Double-digit revenue growth is what first catches Sustersic's eye. Then, he makes sure that this growth is actually sustainable by looking at how it fills a specific niche. For example, one niche that he likes right now is clinical research organizations. These companies are hired by pharmaceutical and biotech firms to run clinical trials and collect data. He thinks this is a high-growth area now because of changes in the pharmaceutical industry toward more outsourcing. "A shift from a major pharma company to go from 20 to 30 percent outsourcing—that's a huge shift." Some clinical research organizations that he likes are Kendle International, ICON, and PharmaNet Development Group. Healthcare is the biggest sector he invests in at 16.14 percent of his portfolio. (Energy is the second-largest at 12.46 percent.)

Sustersic also says that talking and meeting with the management is important to him to figure out the real story behind what may look like phenomenal growth on paper. "Recent results might look attractive, but you talk to the CEO and you discover about a new competitor gaining market share or the economic slowdown is hurting them."
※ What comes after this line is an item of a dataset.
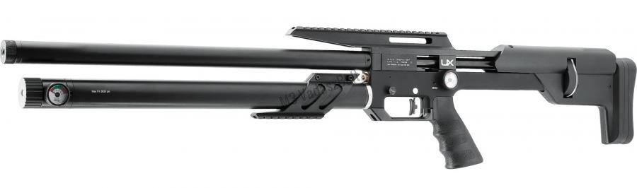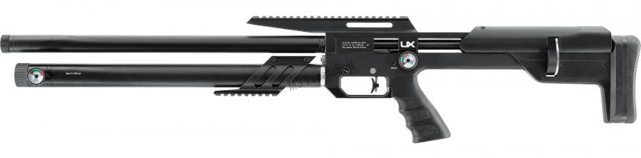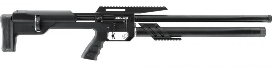 Az UX Zelos egy ultrakompakt egyeneshúzású bullpup pcp légpuska, amely kényelmes méretben kínál teljes funkcionalitást. A 24 lövedékes, 4,5 mm-es (.177) forgótár az elsütőbillentyű mögött, az arctámasz vonalában helyezkedik el, így egy 680 mm hosszú huzagolt cső fér el a mindössze 930 mm-es fegyverházban. A CNC-megmunkált alumínium váz minimalista kialakítása révén a Zelos súlya 3.400 g alatt marad. A beépített sűrített levegős tartály a cső alatt szabadon fut, nyomásmérővel rendelkezik, valamint a rajta lévő Picatinny sín lehetőséget biztosít kiegészítők felszerelésére. A maximális töltési nyomás 3.625 psi / 250 bar.

There are about 100 stocks in the fund, and his turnover rate this year has been about 60 percent. The fund's top holding at 2.87 percent of assets is Deckers Outdoor Corp., which makes fashionable outdoor footwear such as Ugg boots and Teva sandals. Agricultural company Terra Industries is Sustersic's second-biggest holding right now at 2.24 percent. Before he bought the stock in December 2006, Sustersic saw the increased demand for corn because of an increased use in corn-based ethanol. Since corn requires more nitrogen-based fertilizer than most other crops, Sustersic thought 2007 would be a big year for Terra, which produces those nitrogen products. Indeed, shares of Terra more than tripled.

When deciding whether or not to sell a stock, Sustersic looks at key growth drivers for its industry. In retail, for example, he looks at same-store sales growth, square footage expansion, unit growth, and stability of margins. If the company isn't performing as expected on a few of these key criteria—for example, "if they were going open 30 stores and they can't open as many," he says—then the company might get the boot. "If a company is not executing, sometimes the best thing to do is admit a mistake."